Retail investors in South Korea have long been known as lovers of risk and trends, and it seems that the local Securities Authority has decided to address the issue after the discovery that households in the country have become one of the factors influencing US meme stocks, mostly quantum or alternative food stocks. This not only endangers the stability of the Korean economy, but also makes the capital market in New York more volatile and subject to speculative trading.
Starting in mid-December, independent investors in Korea will be forced to take a one-hour online course before investing in products such as leveraged ETFs or stock options, while those who want to purchase derivative products abroad will also have to go through a three-hour trading simulation program. This, after it became clear that the direct investment from retail investors in leveraged stocks and ETFs is breaking records. purchased by Koreans may cross the 30 billion dollar mark this year, an all-time high since the count began in 2011. For comparison, in all of 2024 the figure was only 10 billion dollars.

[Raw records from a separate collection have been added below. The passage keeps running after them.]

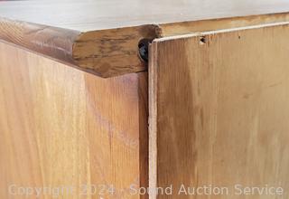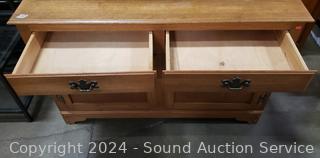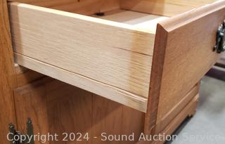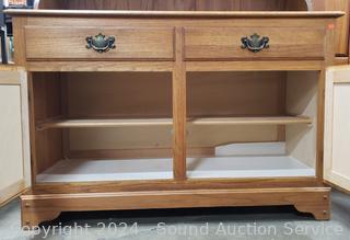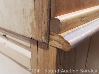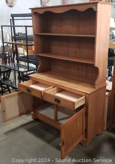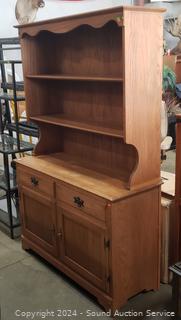Lot #0005: Solid Oak 2pc Open Hutch/Cabinet
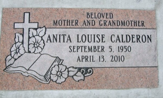 She was preceded in death by Margaret Frasier, Don Wolfe, Ronald Dester Stephens, Louis Wolfe, Don Wolfe, Andrea Janski, and Joe Jensen. Anita is survived by: Pat and Ray Rodgers, Jennifer Williams, Bill Frasier, Bessy Jensen, Gary Jensen, Donna Mobley, Sonya Renee Stephens-Wolfe, Maura (Phillip) Stephens-Butler, Ronda (Rene) Stephens, Jesus (Amanda) Calderon, and Joshua Calderon. Grandchildren: Maria, Teresa, Danielle, Reynaldo (Brenda), Sandra S., Carolina (Antonio), Mario, Kennia, Rene, Adriana, Alyesa, Javier, Sandra L., Issaiah, Jacob, Jesus. Great-Grandchildren: Tony, Rosaura, Angel, Luz, Maria, Natalie, Emily, Islam and Anwar. A Viewing will be held on Tuesday, April 20, 2010, 12 p.m. to 5 p.m. at Hillcrest Bruce Lee located at 2804 W. Lewis St. in Pasco. Memorial Service will be held at Faith Assembly Church on Thursday, April 22, 2010, 11 a.m., 1800 N. Rd 72 in Pasco.
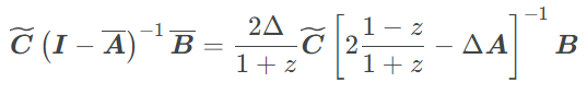 def K_gen_inverse(Ab, Bb, Cb, L): I = np.eye(Ab.shape[0]) Ab_L = matrix_power(Ab, L) Ct = Cb @ (I - Ab_L) return lambda z: (Ct.conj() @ inv(I - Ab * z) @ Bb).reshape()But it does output the same values,
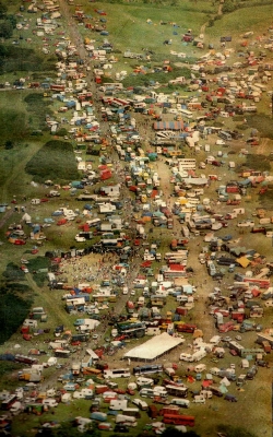 Empezó con un convoy de caravanas, furgonetas, autobuses y camiones guiados por jóvenes moviéndose por Inglaterra buscando un sitio para celebrar el festival. Los medios se interesaron mucho por esto, lo llamaban el convoy hippy.

The total number of US stocks held by Korean investors now stands at a record $170 billion – twice as much as at the beginning of the year. The Koreans own a fifth of the market value of the quantum share IonQ, which jumped 91% between the beginning of September and the peak in mid-October, until it began to fall; The trading volume of the stock in Korea was infinitely higher than that of regular big tech stocks like Amazon, Google or Microsoft. The Korean investors also showed their strength during the month of October, when they purchased 239 million dollars of shares in Biond Meat, which jumped at once by about 600%, until it quickly fell again afterwards.

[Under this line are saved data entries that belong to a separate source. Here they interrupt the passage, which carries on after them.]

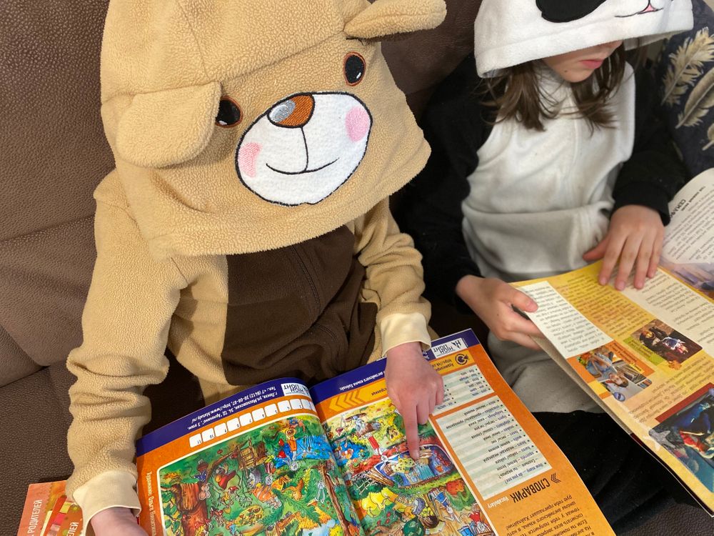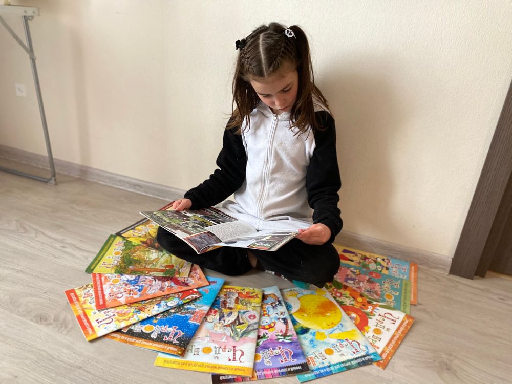 Алёнка в свои пять лет конечно чердобрячит больше за компанию - её пока привлекают комиксы, раскраски и всяческие занималки.
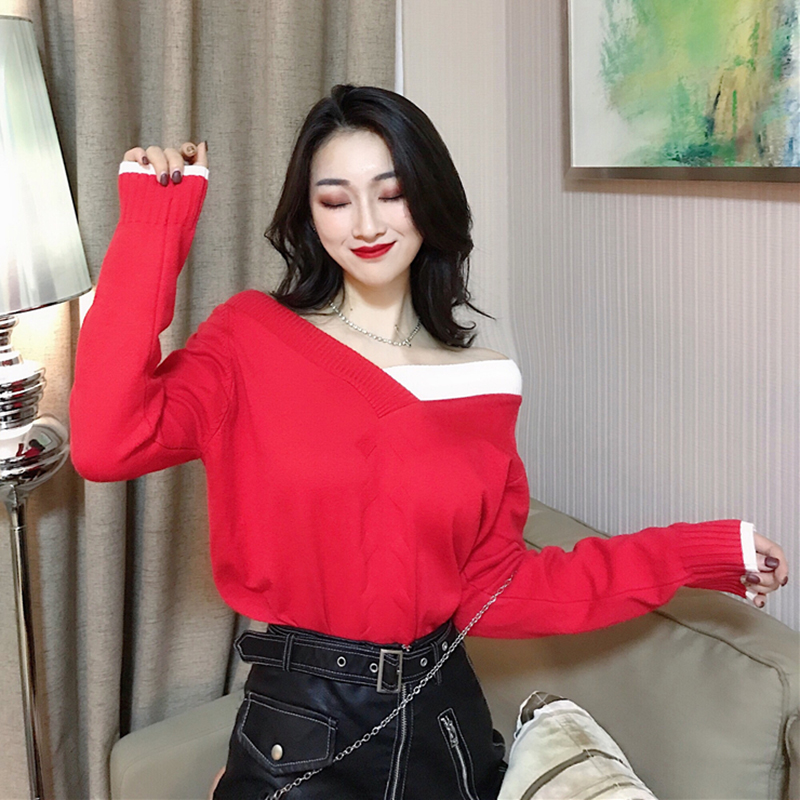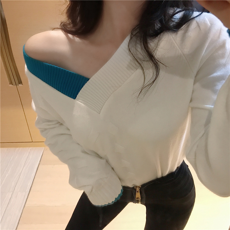 / 氣質chic拼色針織衫女秋冬裝2018新款韓版時尚寬松V領毛衣外套潮
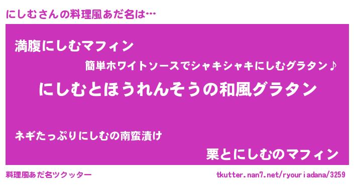 | 男性向けラノベタイトル風あだ名 | 『にしむ~年齢イコール彼女いない歴の魔法使い~』 |
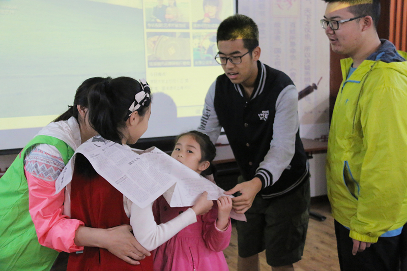 来自武大新闻公司的青年志愿者为社区的孩子们设计了新颖有趣的竞赛,以“心传互动.以趣传乐”的方式让孩子们在游戏中了解党情、学习国史。
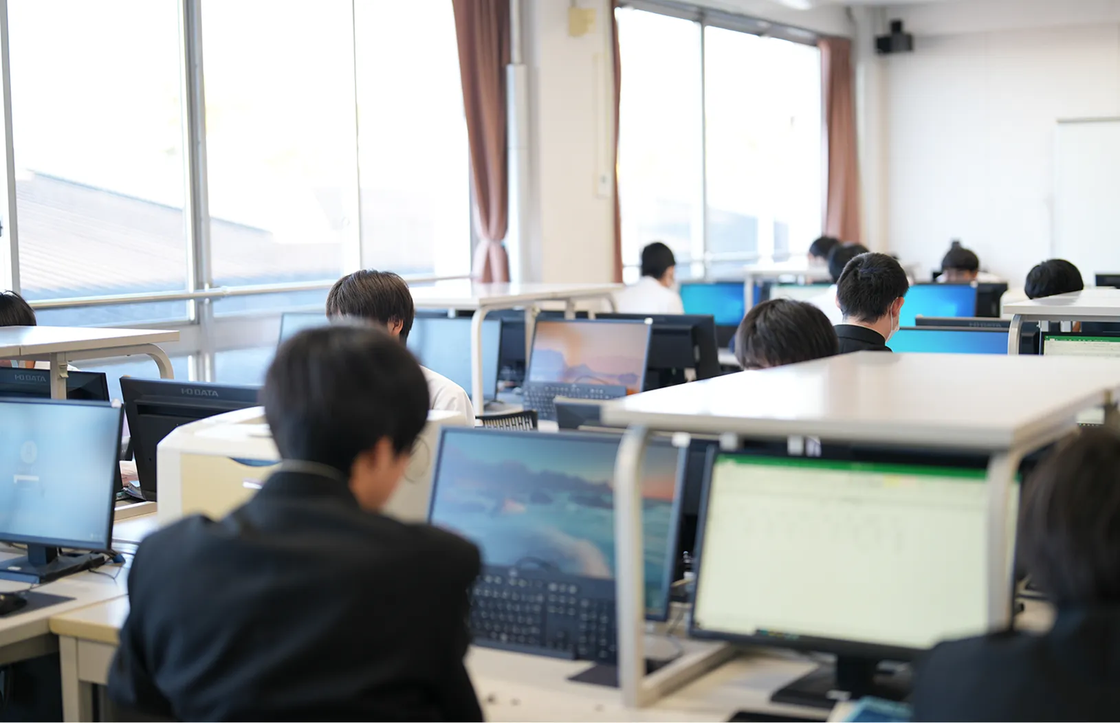 ICT教育は現代の学校における重要な教育活動の一部となっています。本校では県内の高校の中でもいち早く「一人一台端末」を実現し、タブレット端末を利用した教育活動を積極的に推進しています。
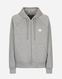 The Marina line has us dreaming of the Mediterranean sea and its myriad shades of blue, while also bringing weathered sailors to mind, yet with a contemporary edge. Aesthetic influences and clear lines, stormy sea blue jackets, multi-pocket pieces, waterproof garments, anchor prints and materials that invite us to discover the “lighthouse keeper”. Fascinating, enigmatic and at times lonely, it tells the tale of a new masculine sensuality built with small yet precise proportions and attention to stylish detail. Hoodie with drawstring: • Gray • Oversize fit • Zipper fastening • Tonal Dolce&Gabbana tag • Patch pockets on the front • Stretch knit hem and cuffs • Unlined • The piece measures 68.5 cm from the rear collar seam on a size IT 48 • Made in Italy External composition: 100% Viscose Internal composition: 100% Viscose

Don’t have an apartment? You can buy a leveraged fund
The demand in Korea for leveraged ETFs based on shares is particularly high. An investment manager at the Acadian company, Evan Lamont even called this investment strategy a “stock market in the style of the squid game”, a metaphor for the high stakes that investors take under high pressure and in the war for economic survival in the country. “The local real estate bubble makes it difficult for many Koreans to purchase their own apartment, similar to the situation in Israel – and on the other hand, they are very risk-averse and have a great fondness for technology,” says Shahar Cohen, founder of the Lucid Capital hedge fund. “Robinhood-style home trading applications led them to attack stocks, leveraged ETFs and inverse ETFs in the fields of quantum and nuclear energy.” The risk in leveraged products is particularly high: ETFs “Leveraged ones go up at a much higher rate than the stocks they follow, while inverse ETFs go up when a certain index goes down, similar to shorting a stock.”

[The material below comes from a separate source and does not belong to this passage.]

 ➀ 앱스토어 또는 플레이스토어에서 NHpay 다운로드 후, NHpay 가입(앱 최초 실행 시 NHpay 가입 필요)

The local Korean capital market achieved a phenomenal return – the local Kospi index rose 65% since the beginning of the year, compared to 19% in the Nasdaq and 15% in the S&P500. However, when converted to Korean won, the S&P rose by over 300%, which pushed Korean investors to the US.
For your attention: The Globes system strives for a diverse, relevant and respectful discourse in accordance with the code of ethics that appears in the trust report according to which we operate. Expressions of violence, racism, incitement or any other inappropriate discourse are filtered out automatically and will not be published on the site.